Plot bunnies are no different than real bunnies.  They feed off the delicate blooms of our imaginations, yet can be nearly impossible to capture. They also multiply at the same rate—which is to say writers typically have far more of them at any given point than they know what to do with—and the babies are especially cute and compelling.

If left unchecked, both plot bunnies and their real life companions can destroy the best-laid plans.

While I haven't quite mastered corraling all my plot bunnies, I've found that treating them the same as my backyard bunnies helps keep my writing on track.

I allow them unlimited access during certain seasons. 

Seriously, in between projects I allow myself the freedom to explore any idea that pops into my head.  I have dozens of started projects.  These projects run about 1,200 words and capture the essence of my ideas.  I don't consider these failures or unfinished projects.  I consider them practice.  They also become a part of my writing file that I can pick through at other times.  By giving them page space, the plot bunnies settle down and allow me to funnel my attention on my WIPs.

I feed them.

Strange, but true.  I figure if I ever trap and kill off the rabbits in my mind, I'll have nothing left to work with, so I encourage them to multiply as needed.  I always carry a notebook with me.  It's filled with hundreds of mini-outlines, names, places, spaces and character sketches.  Whenever a new thought strikes, I jot it down and play with it.

What I find most often is that the plot bunny isn't fully formed—and likely never will be.  Rather, it is just a shiny, new idea that looks as cute and cuddly as the baby Easter Bunny.  It's exciting for a moment, but once it's placed in the notebook among the other bunnies, it loses some of its appeal.  It's underdeveloped and malnourished.  At least for the time being.

Rarely, the idea solidifies.  It gels, either on its own merit or within the context of other ideas.  Eventually, a few bunnies band together and prune back the winter detritus, leaving room for spring's new blooms.  Whenever I see or hear something I think my plot bunnies would like to eat, I add it to the notbeook.  As time goes on, these ideas become new WIPs. 

And the best part about feeding ideas this way: it takes virtually no time.  Once I pen my plot bunny in ink, I'm freed to think about other things.  Namely my current writing project.

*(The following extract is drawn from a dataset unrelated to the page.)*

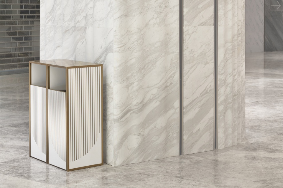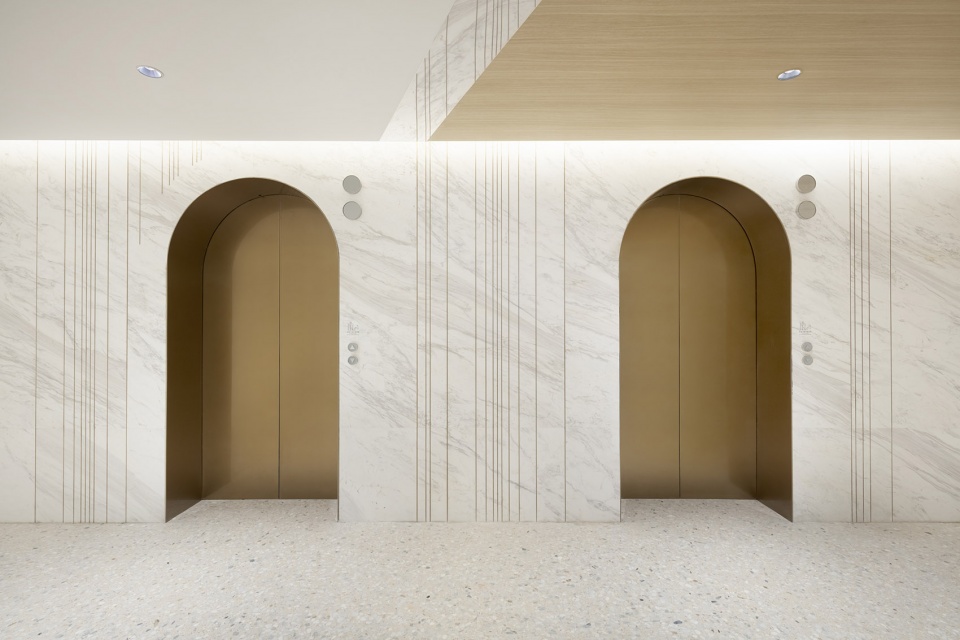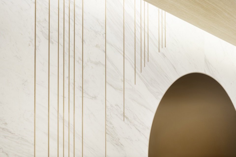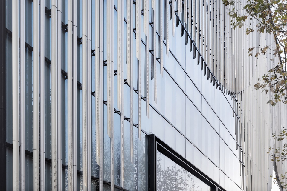 铝管构成的屏墙受到了舞台幕布的启发,“覆盖”在建筑立面和中庭的表面。这一设计语言同时也延续至主要的立柱和石砌的墙面。此外,建筑内部的隔墙、家具甚至灯光都融入了类似于舞台前庭的拱形意象,为空间增添了柔和与亲切的感觉。中庭处还设置了伸出的箱式休闲座位区以及像王室包厢般的VIP休息室。

So, the idea behind plot bunnies is to corral them, not eliminate them.  If we embrace our fertile imaginations and provide some boundaries for dealing with new ideas, we will be less tempted to leave our current WIPs whenever a new bunny hops by.

How do you wrangle your plot bunnies into submission?  Do you allow new ideas to take over current projects?  If so, how does that work out?

Curious minds want to know.

This weekend, Cat Woods started spring cleaning her garden.  Thanks to the backyard bunnies, she has more time to spend with her plot bunnies.  You can find her wrangling both rabbits on her blog: Words from the Woods.


Michael Horvath said...

My blog consists mostly of posts of short scenes that could take off into full blown stories. I just leave them as they are and don't look back. If I desire I can always go back.

Cat Woods said...


Great idea. There's something soothing about putting ideas into words and letting them go, freeing time for other things of value.

Like working on that WIP!

Blogging is a great place for releasing those snippets of creativity.

Thanks for commenting!

R.C. Lewis said...

This is fascinating ... because it's something I've yet to face. My ideas come slowly, usually as I'm finishing off one ms. So far it's been a good thing, as far as not distracting me, but I always get to a point of panic that I'll never come up with a decent idea again. :-X

Cat Woods said...

RC, I have a few bunnies you can borrow. I'll pop them in the mail. By the time they arrive on your doorstep, they should have multiplied!

Seriously, though, I don't think it's a bad thing not to be overtaken by plot ideas. It can be hard to sort out sometimes, and I know many a writer who has struggled to finish one manuscript because other projects look so compelling they get sucked away before any of their WIPs reach maturity.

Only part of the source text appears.